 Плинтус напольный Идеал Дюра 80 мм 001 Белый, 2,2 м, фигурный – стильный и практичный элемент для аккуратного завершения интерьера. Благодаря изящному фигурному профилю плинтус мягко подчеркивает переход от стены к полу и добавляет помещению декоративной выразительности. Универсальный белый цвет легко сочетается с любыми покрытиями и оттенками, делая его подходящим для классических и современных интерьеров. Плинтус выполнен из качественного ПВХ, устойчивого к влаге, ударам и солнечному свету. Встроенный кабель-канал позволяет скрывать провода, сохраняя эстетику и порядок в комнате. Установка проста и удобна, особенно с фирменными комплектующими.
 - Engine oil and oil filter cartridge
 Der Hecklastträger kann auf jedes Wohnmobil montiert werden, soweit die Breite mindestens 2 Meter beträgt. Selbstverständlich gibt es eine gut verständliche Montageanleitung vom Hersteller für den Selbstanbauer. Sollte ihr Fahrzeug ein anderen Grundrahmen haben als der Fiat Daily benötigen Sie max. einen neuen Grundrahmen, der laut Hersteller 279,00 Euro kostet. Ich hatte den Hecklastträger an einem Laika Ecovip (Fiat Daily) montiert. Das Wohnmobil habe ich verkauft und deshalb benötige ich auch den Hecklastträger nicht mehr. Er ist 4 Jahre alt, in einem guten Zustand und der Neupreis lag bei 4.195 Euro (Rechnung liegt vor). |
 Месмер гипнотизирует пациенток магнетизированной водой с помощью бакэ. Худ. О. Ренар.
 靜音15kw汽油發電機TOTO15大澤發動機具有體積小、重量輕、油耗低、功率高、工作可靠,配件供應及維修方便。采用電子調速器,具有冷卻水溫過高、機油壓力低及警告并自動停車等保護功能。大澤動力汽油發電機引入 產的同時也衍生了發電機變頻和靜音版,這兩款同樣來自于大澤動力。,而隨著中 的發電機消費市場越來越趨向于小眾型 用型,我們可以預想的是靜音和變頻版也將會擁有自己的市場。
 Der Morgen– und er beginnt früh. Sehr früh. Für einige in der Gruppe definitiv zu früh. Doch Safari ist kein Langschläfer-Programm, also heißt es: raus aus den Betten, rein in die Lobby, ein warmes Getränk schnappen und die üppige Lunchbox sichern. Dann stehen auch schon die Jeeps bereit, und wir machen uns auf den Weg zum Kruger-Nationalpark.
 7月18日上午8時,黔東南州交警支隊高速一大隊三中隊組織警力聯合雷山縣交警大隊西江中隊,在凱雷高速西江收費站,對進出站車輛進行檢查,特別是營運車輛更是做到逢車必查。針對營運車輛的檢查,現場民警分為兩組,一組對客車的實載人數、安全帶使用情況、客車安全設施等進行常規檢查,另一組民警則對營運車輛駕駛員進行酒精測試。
* * *
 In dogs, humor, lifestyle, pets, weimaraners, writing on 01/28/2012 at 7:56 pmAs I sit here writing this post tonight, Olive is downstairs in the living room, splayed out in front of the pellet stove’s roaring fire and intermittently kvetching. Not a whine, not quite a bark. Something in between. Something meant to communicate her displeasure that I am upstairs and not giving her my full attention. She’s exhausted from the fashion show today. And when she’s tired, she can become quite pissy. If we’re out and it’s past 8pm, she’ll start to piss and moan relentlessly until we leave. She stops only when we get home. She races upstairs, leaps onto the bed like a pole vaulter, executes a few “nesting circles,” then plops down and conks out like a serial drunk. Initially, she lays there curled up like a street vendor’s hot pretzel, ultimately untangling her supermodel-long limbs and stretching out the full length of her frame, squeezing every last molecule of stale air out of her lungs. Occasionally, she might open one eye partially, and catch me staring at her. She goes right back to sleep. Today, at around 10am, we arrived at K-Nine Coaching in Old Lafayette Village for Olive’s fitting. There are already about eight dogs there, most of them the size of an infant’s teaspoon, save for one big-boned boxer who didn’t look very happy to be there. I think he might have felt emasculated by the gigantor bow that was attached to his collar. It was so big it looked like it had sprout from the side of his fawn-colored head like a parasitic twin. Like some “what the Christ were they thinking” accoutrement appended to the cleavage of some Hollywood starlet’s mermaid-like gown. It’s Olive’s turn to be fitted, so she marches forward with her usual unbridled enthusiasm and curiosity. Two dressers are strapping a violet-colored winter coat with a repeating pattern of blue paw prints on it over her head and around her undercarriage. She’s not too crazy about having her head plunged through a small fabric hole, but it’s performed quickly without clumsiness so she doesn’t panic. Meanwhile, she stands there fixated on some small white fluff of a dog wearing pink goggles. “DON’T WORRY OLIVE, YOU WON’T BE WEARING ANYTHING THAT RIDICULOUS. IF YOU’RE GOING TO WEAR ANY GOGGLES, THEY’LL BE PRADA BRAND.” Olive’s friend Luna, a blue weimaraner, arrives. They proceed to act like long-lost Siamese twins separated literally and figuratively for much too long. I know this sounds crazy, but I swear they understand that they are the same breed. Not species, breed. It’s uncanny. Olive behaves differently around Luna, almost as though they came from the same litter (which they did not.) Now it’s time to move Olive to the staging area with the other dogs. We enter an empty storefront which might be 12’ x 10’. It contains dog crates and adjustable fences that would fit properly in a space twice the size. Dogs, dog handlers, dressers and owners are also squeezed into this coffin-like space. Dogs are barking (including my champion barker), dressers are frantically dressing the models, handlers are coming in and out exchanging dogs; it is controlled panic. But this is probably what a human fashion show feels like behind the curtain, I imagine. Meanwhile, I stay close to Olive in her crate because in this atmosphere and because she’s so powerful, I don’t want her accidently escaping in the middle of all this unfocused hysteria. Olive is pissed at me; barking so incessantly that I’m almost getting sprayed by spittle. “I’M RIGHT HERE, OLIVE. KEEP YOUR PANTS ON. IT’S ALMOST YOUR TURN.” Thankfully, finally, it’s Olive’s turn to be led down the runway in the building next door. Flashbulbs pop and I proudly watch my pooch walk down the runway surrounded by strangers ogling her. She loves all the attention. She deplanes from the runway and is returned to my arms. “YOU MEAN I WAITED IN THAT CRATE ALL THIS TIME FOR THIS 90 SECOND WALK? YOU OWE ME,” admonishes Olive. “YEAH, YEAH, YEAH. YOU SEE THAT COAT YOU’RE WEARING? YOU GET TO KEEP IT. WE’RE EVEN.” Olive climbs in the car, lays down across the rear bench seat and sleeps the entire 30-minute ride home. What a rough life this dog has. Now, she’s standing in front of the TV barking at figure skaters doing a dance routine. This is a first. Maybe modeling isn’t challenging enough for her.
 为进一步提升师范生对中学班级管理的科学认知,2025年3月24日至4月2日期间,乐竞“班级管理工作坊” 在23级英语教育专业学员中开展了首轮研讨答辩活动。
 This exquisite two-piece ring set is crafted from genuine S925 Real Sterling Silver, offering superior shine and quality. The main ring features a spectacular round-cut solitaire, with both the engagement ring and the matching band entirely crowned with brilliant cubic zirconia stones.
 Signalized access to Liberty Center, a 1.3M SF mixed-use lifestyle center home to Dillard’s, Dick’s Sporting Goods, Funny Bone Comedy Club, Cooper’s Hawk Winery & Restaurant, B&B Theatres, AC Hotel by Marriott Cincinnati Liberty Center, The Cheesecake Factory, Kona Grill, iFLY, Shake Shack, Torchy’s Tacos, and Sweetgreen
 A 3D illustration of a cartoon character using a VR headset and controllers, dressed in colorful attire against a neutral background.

■ Work instruction:
In the data above, which lines lie between the line with "Der Morgen– und" and the line with "7月18日上午8時,黔東南州", inclusive? Print those lines exactly and nothing else.

■ Result:
 Der Morgen– und er beginnt früh. Sehr früh. Für einige in der Gruppe definitiv zu früh. Doch Safari ist kein Langschläfer-Programm, also heißt es: raus aus den Betten, rein in die Lobby, ein warmes Getränk schnappen und die üppige Lunchbox sichern. Dann stehen auch schon die Jeeps bereit, und wir machen uns auf den Weg zum Kruger-Nationalpark.
 7月18日上午8時,黔東南州交警支隊高速一大隊三中隊組織警力聯合雷山縣交警大隊西江中隊,在凱雷高速西江收費站,對進出站車輛進行檢查,特別是營運車輛更是做到逢車必查。針對營運車輛的檢查,現場民警分為兩組,一組對客車的實載人數、安全帶使用情況、客車安全設施等進行常規檢查,另一組民警則對營運車輛駕駛員進行酒精測試。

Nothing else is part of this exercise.